Now we do this again with the mask M2. That's going to give us the counts for all groups of size 8. Then we go to groups of size 16. And then, finally, we add these two together, giving us the number of bits in this group of size 32. And this is actually the pop count. So the value here is 17. And you can verify that there are indeed 17 1's in the input word x. Any questions?

So the performance of this code, which is based on parallel divide and conquer, is going to be proportional to log base 2 of w, where w is the word length. Because on every step I'm doubling the size of my groups. And after I do this log base 2 w times, I have the whole group.

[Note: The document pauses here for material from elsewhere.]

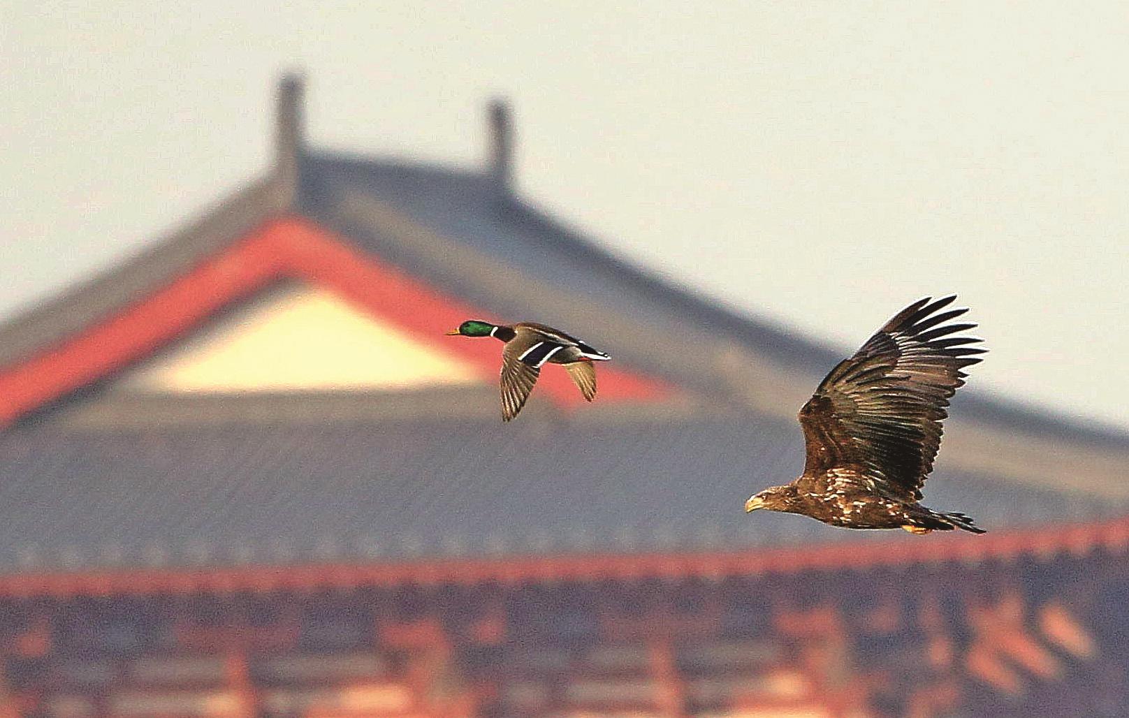 日前,一只亚成体白尾海雕在南湖公园飞翔的画面被生态摄影师捕捉到镜头中,这是近年来该地区首次发现国家一级保护动物白尾海雕在此越冬。进入冬季以来,南湖迎来了一批批特殊的“客人”——越冬野鸟。据最新观测数据显示,共有90种野鸟选择在此度过寒冬,这里俨然成了它们的乐园。
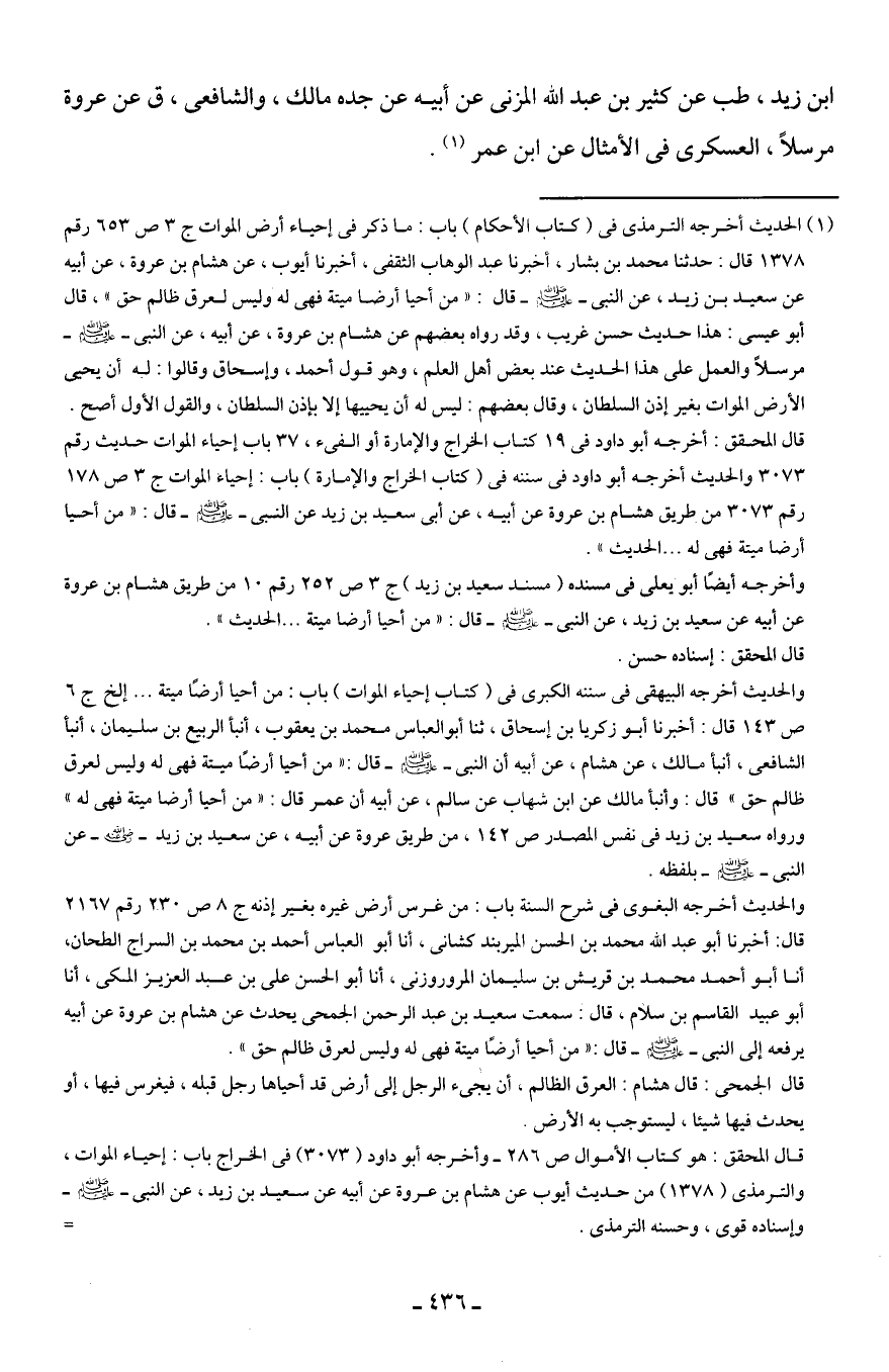 قال المحقق: أخرجه أبو داود في 19 كتاب الخراج والإمارة أو الفئ، 37 باب إحياء الموات حديث رقم 3073 والحديث أخرجه أبو داود في سننه في (كتاب الخراج والإمارة) باب: إحياء الموات ج 3 ص 178 رقم 3073 من طريق هشام بن عروة عن أبيه، عن أبي سعيد بن زيد عن النبي - صلى الله عليه وسلم - قال: "من أحيا أرضا ميتة فهي له. . . الحديث".

In the first two instructions that I executed here, I have to actually do the AND separately for x right-shifted by 1 and x, and also x right-shifted by 2 and x, and then add them together, because there is an overflow issue. The overflow issue is that the size of the groups here might not be large enough to actually store the count of the number of 1 bits in that group. But once I get to the larger groups, the count can always be stored in a group of that size and I don't need to worry about overflow. So for the last four lines, I can actually save one instruction. I don't need to do the AND twice.

So it turns out that most modern machines nowadays have an intrinsic pop count instruction implemented in hardware, which is faster than anything you can code yourself. And you can access this pop count instruction via compiler intrinsics, for example in GCC or Clang. And in GCC, it's __builtin_popcount. One warning though is that if you write this code using these intrinsics, if you try to compile the code on a machine that doesn't support it, your code isn't going to compile. So it makes your code less portable. But this intrinsic is faster than the parallel divide and conquer version.

So one question is, how can you get the log base 2 of a power of 2 quickly using a pop count instruction? So instead of using the de Bruijn sequence trick. Yes.

AUDIENCE: You decrement then you pop count.

JULIAN SHUN: Yes. So what you do is you subtract 1 from the power of 2, and that's going to flood all of the lower bits with 1's. And then now when you execute pop count, it's going to count the number of 1's, and that gives us the log base 2 of the power of 2. So good answer.

So those all the bit tricks I'm going to be talking about today. There's a lot of resources online if you're interested in learning more. There's this really good website maintained by Sean Eron Anderson. There's also the Knuth's textbook, which has some bit tricks in there. There's a chess programming website which has a lot of cool bit tricks. Some of those are used in implementing chess programs. And then, finally, this book called Hacker's Delight. So we'll be playing around with many of these bit tricks in project 1, so happy bit hacking.